On y retrouve tout autant les références du cinéaste, ayant grandi avec des figures paternelles et maternelles dysfonctionnelles. À travers l’androïde autonome, il stimule l’exercice jusqu’à questionner son rôle d’artisan dans le cinéma. L’artiste, devenu plus que bankable pour les majors hollywoodiens, fait face à un tournant dans sa carrière, en distillant l’esprit de Kubrick tout le long de l’intrigue. Sa participation étoffe malgré toute la singularité de ses thématiques, dont il multiplie les relectures. Le segment consacré à Gigolo Joe (Jude Law) vient hiérarchiser ce sentiment d’affection que les êtres organiques recherchent, allant de l’instinct primaire aux pulsions plus spirituelles de la chose. Tout cela est abordé avec une bienveillance, renforcé par le dialogue que les héros auront avec le Docteur Know, doublé par un Robin Williams dynamique, permettant ainsi de décortiquer la réflexion d’une machine. C’est pourquoi il serait vain de s’attacher aux apparences, car la condition humaine finira inévitablement par être engloutie par le temps, inéluctable.

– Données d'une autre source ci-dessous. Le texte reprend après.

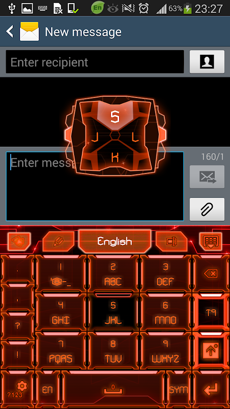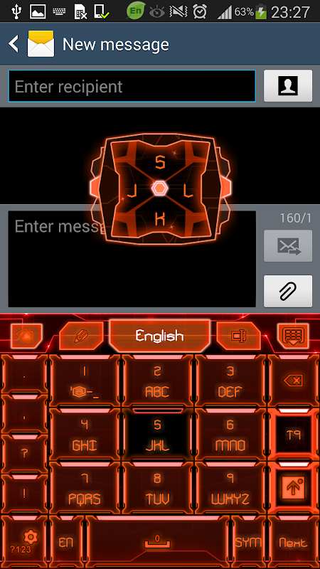 "GO Keyboard Orange Tech Theme" is a premium HD theme, designed by Inner Works Studios, for the sci-fi technology heads. The transparent keys have an amazing orange neon tech effect, they glow like a laser on a dark background, everything shines orange on a dark futuristic alien space ship design. The incredible high tech graphics will transform your keyboard with a unique stylish high-tech look. Enjoy our new free theme and feel free to check out the rest of our Tech series keyboards!

Il y a peu de différence entre la peur de l’inconnu et celle qui nous renvoie à la mélancolie d’un fantasme ou d’un rêve. Avec « A.I. Artificial Intelligence » (Intelligence Artificielle), Spielberg conclut sa balade ludique avec le pessimisme de l’Ancien Testament, entre la vie et la mort, dans un épilogue tragique et lyrique. Ce que David nous aura appris à travers un traumatisme d’enfance, c’est qu’il n’y a besoin que d’un jour sur terre, afin d’être heureux pour l’éternité. Mais tout ceci a un coût et une responsabilité qu’il est bon de justifier avec la plus tendre des allégories, au lieu de se quitter sur l’échec de l’humanité. Un récit bouleversant, à ne pas simplifier et à ne pas oublier.